What the task asks:
Leave out the pictures, and copy exactly the lines from the line with "Mr. Salem Humaid" through the last line of the data below.

Data records below:

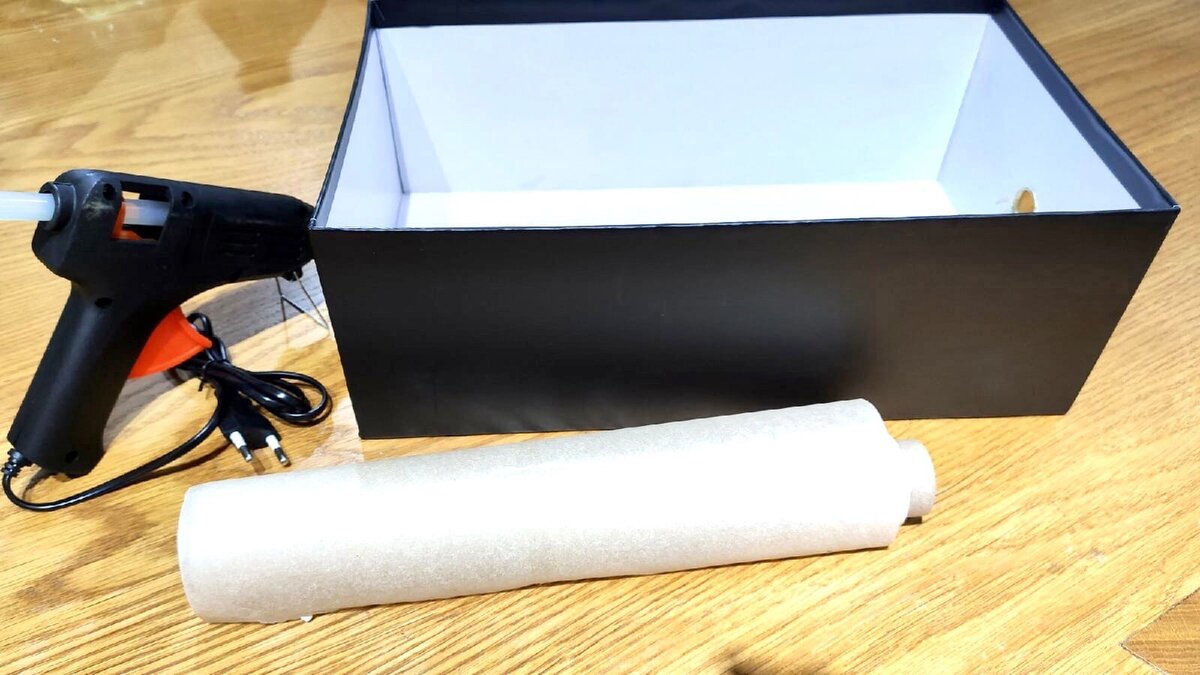Всем привет! Много полезных вещей можно сделать собственными руками. Одним из доступных материалов является бумага. Она просто обрабатывается, легко сгибается, режется, склеивается и подходит не только для детского творчества. Применяя этот материал, можно сделать привлекательные и практичные предметы интерьера. Самые популярные в быту - корзины для хранения, и они легко вписываются в обстановку дома. Использовать их можно где угодно: в ванной, прихожей, гостиной. Плетенные корзинки такие уютные и являются отличной заменой надоевшим пластиковым контейнерам. Если вы принадлежите к любителям натурального и экологичного, то предлагаю вам посмотреть оригинальную идею плетенной корзинки из пергаментной бумаги для запекания. Для работы, как вспомогательный предмет понадобится картонная коробка любого размера и горячий клей. Подходящий размер у коробки от обуви. В подобных корзинах можно хранить сезонные вещи, например шапки, шарфы, перчатки или полотенчики в ванной комнате. Если вы вяжете и
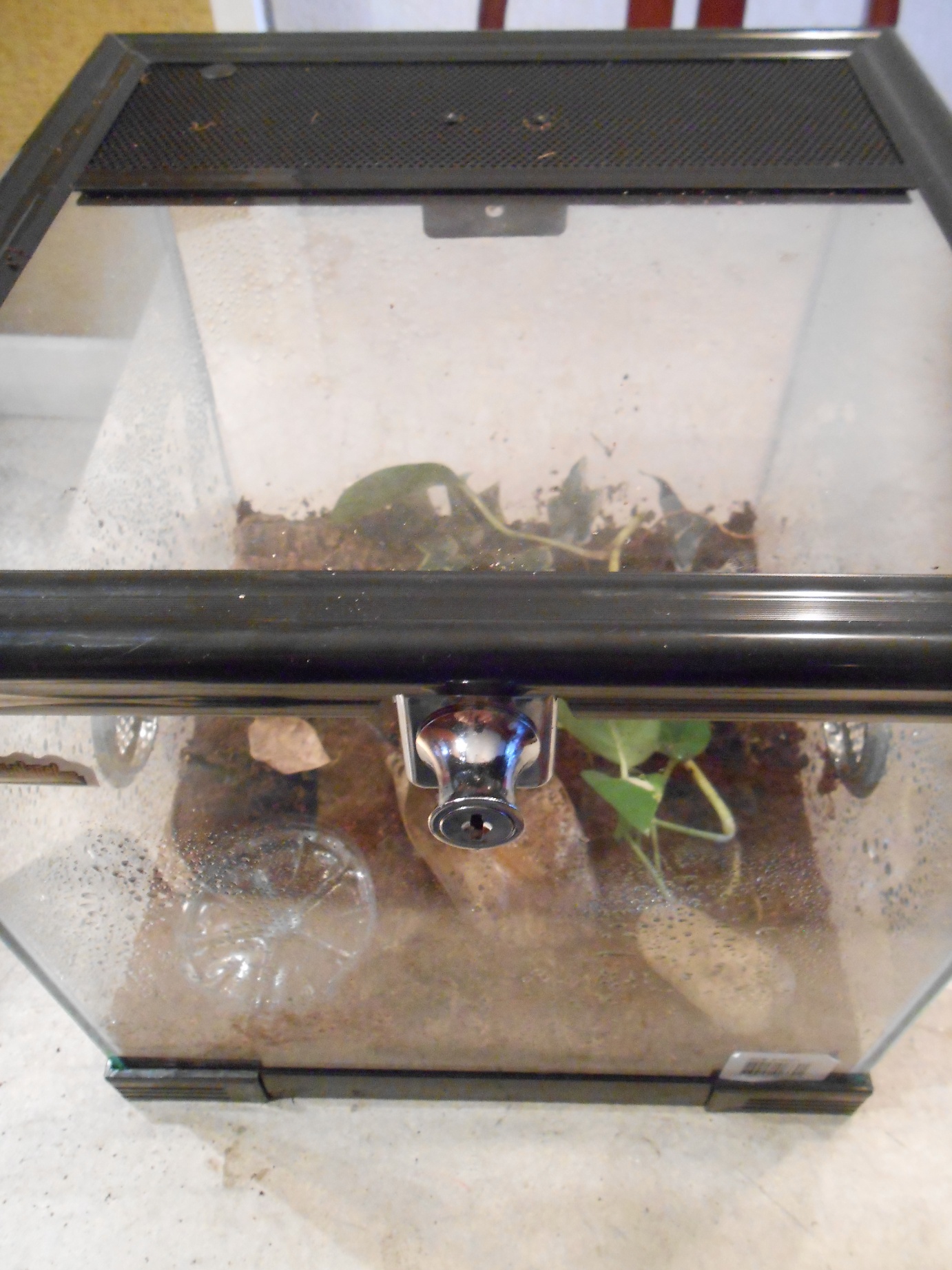 Las dos primeras fotos son de como la he tenido estas semanas antes de pasarla al terrario. Es un tuper suficientemente alto, que cerraba bien y le hice agujerillos por la tapa.
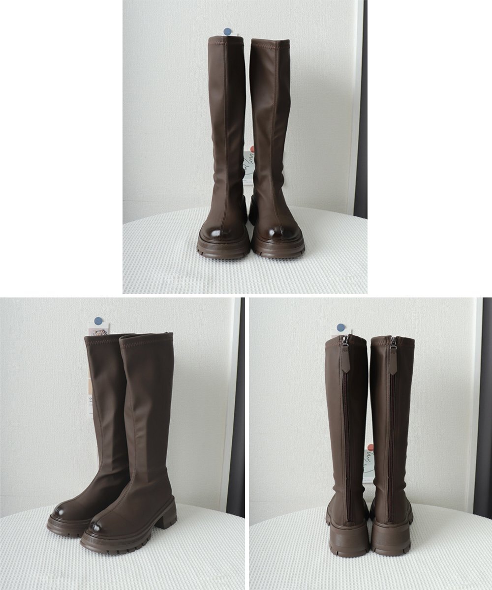 レディースブーツ チャンキーヒール 秋冬 膝下 おしゃれ バックジップ 歩きやすい カジュアル 美脚脚長ブーツ 人気くつ
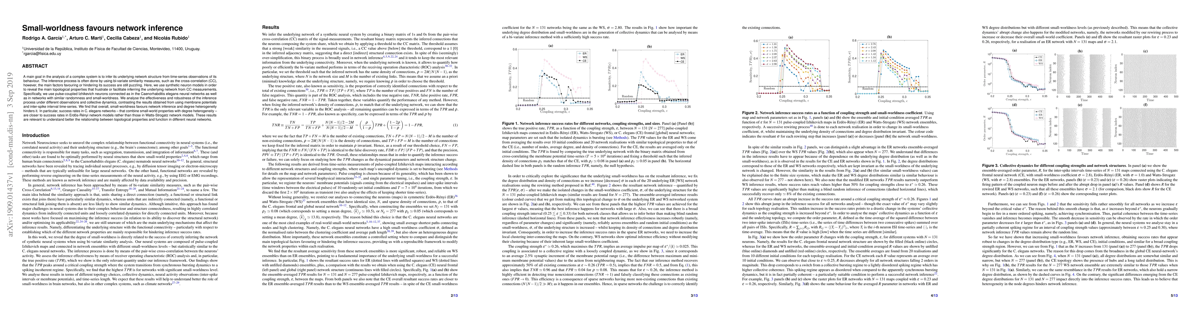 A main goal in the analysis of a complex system is to infer its underlying network structure from time-series observations of its behaviour. The inference process is often done by using bi-variate similarity measures, such as the cross-correlation (CC), however, the main factors favouring or hindering its success are still puzzling. Here, we use synthetic neuron models in order to reveal the main topological properties that frustrate or facilitate inferring the underlying network from CC measurements. Specifically, we use pulse-coupled Izhikevich neurons connected as in the Caenorhabditis elegans neural networks as well as in networks with similar randomness and small-worldness. We analyse the effectiveness and robustness of the inference process under different observations and collective dynamics, contrasting the results obtained from using membrane potentials and inter-spike interval time-series. We find that overall, small-worldness favours network inference and degree heterogeneity hinders it. In particular, success rates in C. elegans networks -- that combine small-world properties with degree heterogeneity -- are closer to success rates in Erd\"os-R\'enyi network models rather than those in Watts-Strogatz network models. These results are relevant to understand better the relationship between topological properties and function in different neural networks.
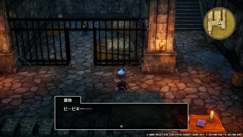 アリアハン城地下1階の東の牢屋の中に、はぐれモンスター「スライム」がいました。スライムに近づくと、保護することができました。
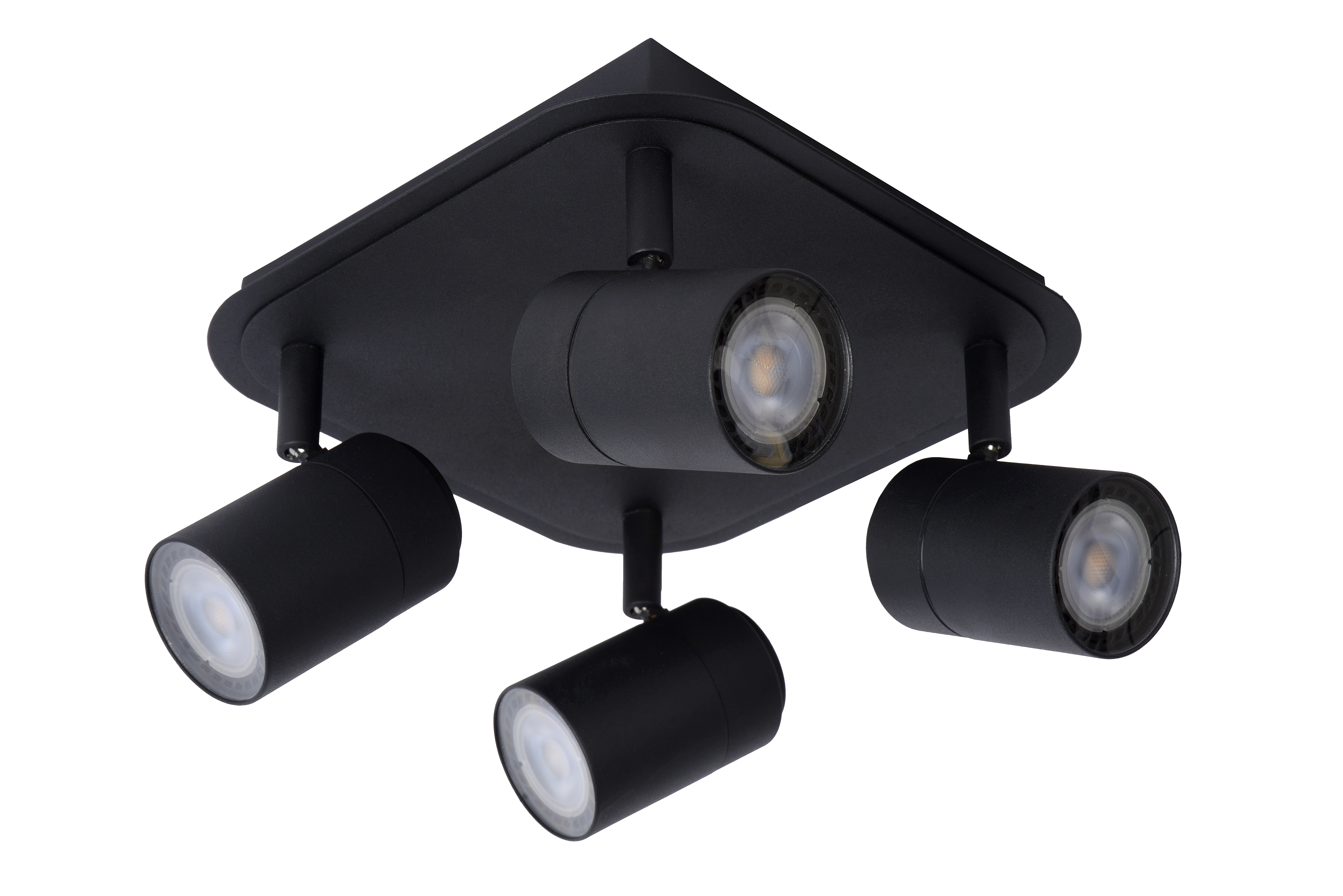 Lucide LENNERT - Foco de techo Baño - LED Regul. - GU10 - 4x5W 3000K - IP44 - Negro
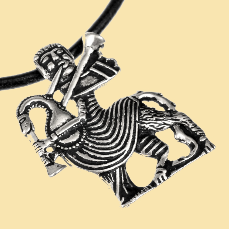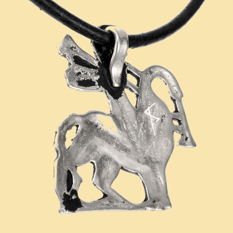 Der Anhänger zeigt eine halb menschliche, halb tierische Kreatur,
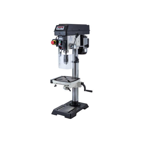 JWDP-12 — настольный сверлильный станок профессионального класса, подходящий для универсального (дерево и металл) применения. Основная отличительная черта этой модели – клиноременный вариатор, позволяющий плавно бесступенчато изменять скорость вращения шпинделя. Такая конструкция механизма ускоряет настройку в зависимости от диаметра сверления: вместо снятия и последующей установки ремня достаточно перевести рычаг, причем делают это, не выключая мотор. При этом фактическая скорость вращения шпинделя будет отображаться на цифровом дисплее, что особенно важно при работе с металлом, когда ограничения по частоте вращения режущего инструмента гораздо более строгие, чем при работе с деревом.
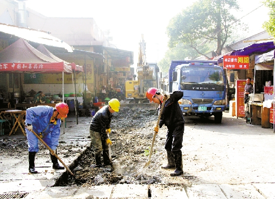 西排渠东侧(花鸟市场段)污水管网改造工程。 (图片由衢州市委办提供)
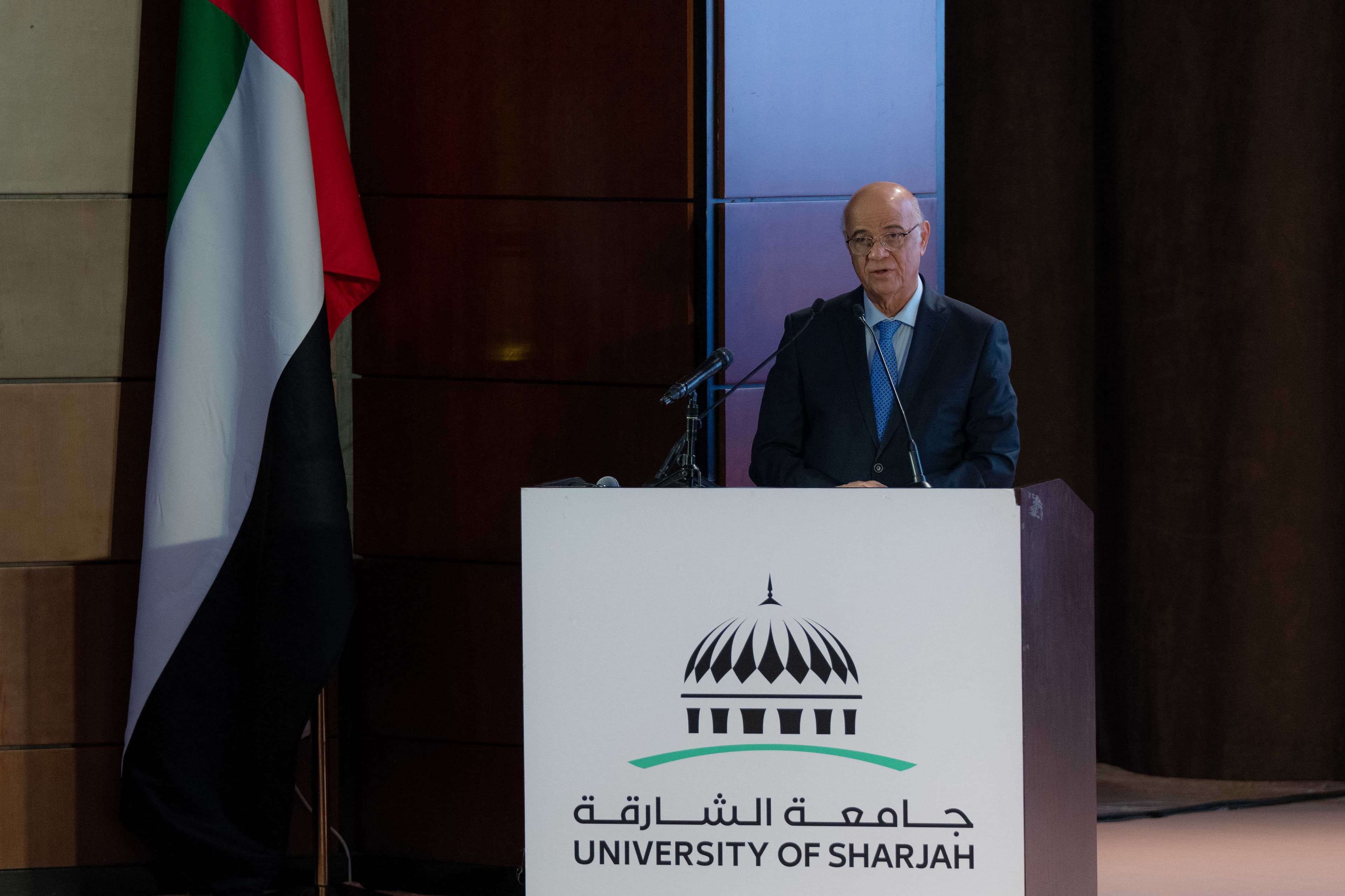 Mr. Salem Humaid Al Marri, Director General of the Mohammed bin Rashid Space Centre, delivered a keynote address in which he commended the efforts of the Sharjah Academy for Astronomy, Space Sciences and Technology and the close cooperation between the University of Sharjah and the center in preparing national cadres. He noted that 20% of the center’s workforce are graduates of the University of Sharjah.
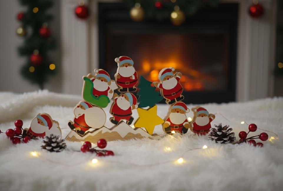 Bring juleglede inn i hjemmet med dette balansespillet i tre! Stable glade julenisser og juletrær på stativet uten å miste noe. Spillet byr på utfordringer for både store og små og sørger for koselige stunder med familien. Stativet kan merkes med logo.
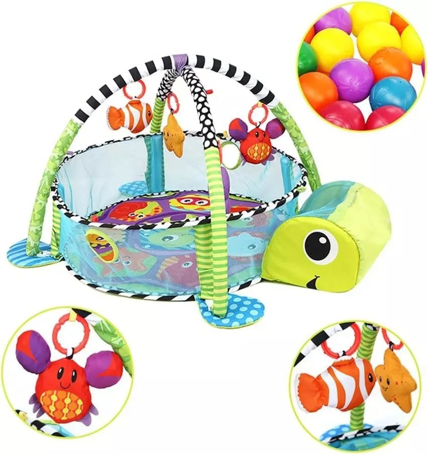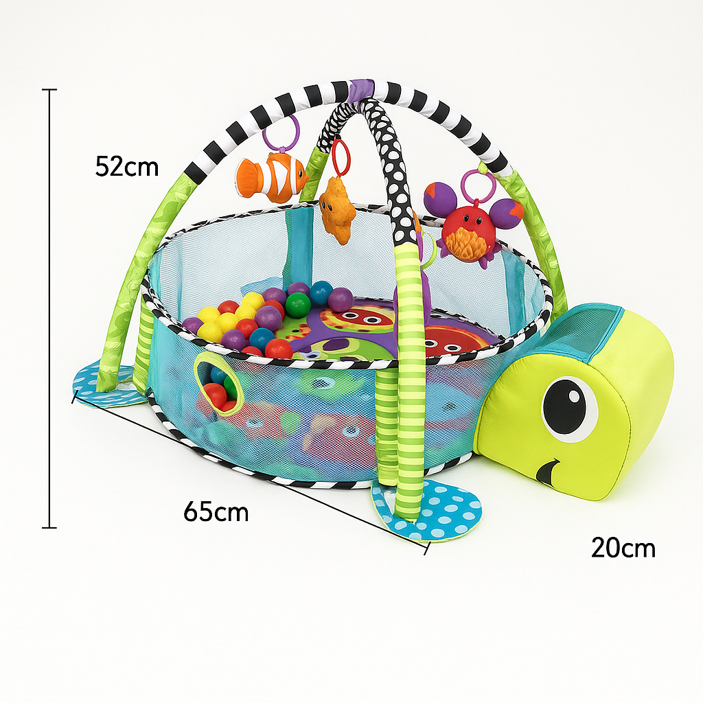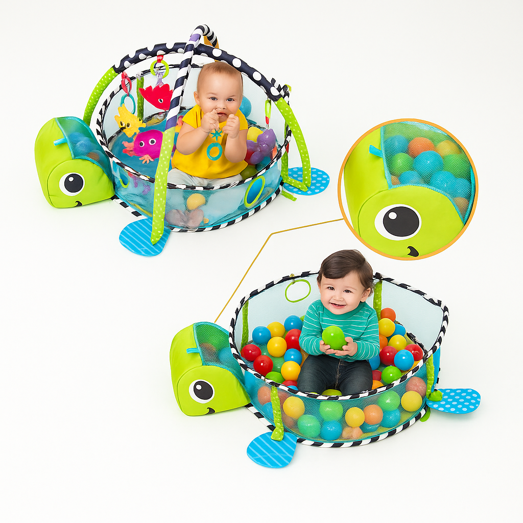 Dale a tu bebé un espacio seguro, divertido y estimulante con este adorable gimnasio en forma de tortuga. Diseñado para potenciar el desarrollo sensorial y motriz, este centro de actividades evoluciona con el crecimiento del bebé, ofreciendo diferentes modos de juego: alfombra de actividades, gimnasio con arco de juguetes y piscina de pelotas.

End of Data records.

Output for this task:
 Mr. Salem Humaid Al Marri, Director General of the Mohammed bin Rashid Space Centre, delivered a keynote address in which he commended the efforts of the Sharjah Academy for Astronomy, Space Sciences and Technology and the close cooperation between the University of Sharjah and the center in preparing national cadres. He noted that 20% of the center’s workforce are graduates of the University of Sharjah.
 Bring juleglede inn i hjemmet med dette balansespillet i tre! Stable glade julenisser og juletrær på stativet uten å miste noe. Spillet byr på utfordringer for både store og små og sørger for koselige stunder med familien. Stativet kan merkes med logo.
 Dale a tu bebé un espacio seguro, divertido y estimulante con este adorable gimnasio en forma de tortuga. Diseñado para potenciar el desarrollo sensorial y motriz, este centro de actividades evoluciona con el crecimiento del bebé, ofreciendo diferentes modos de juego: alfombra de actividades, gimnasio con arco de juguetes y piscina de pelotas.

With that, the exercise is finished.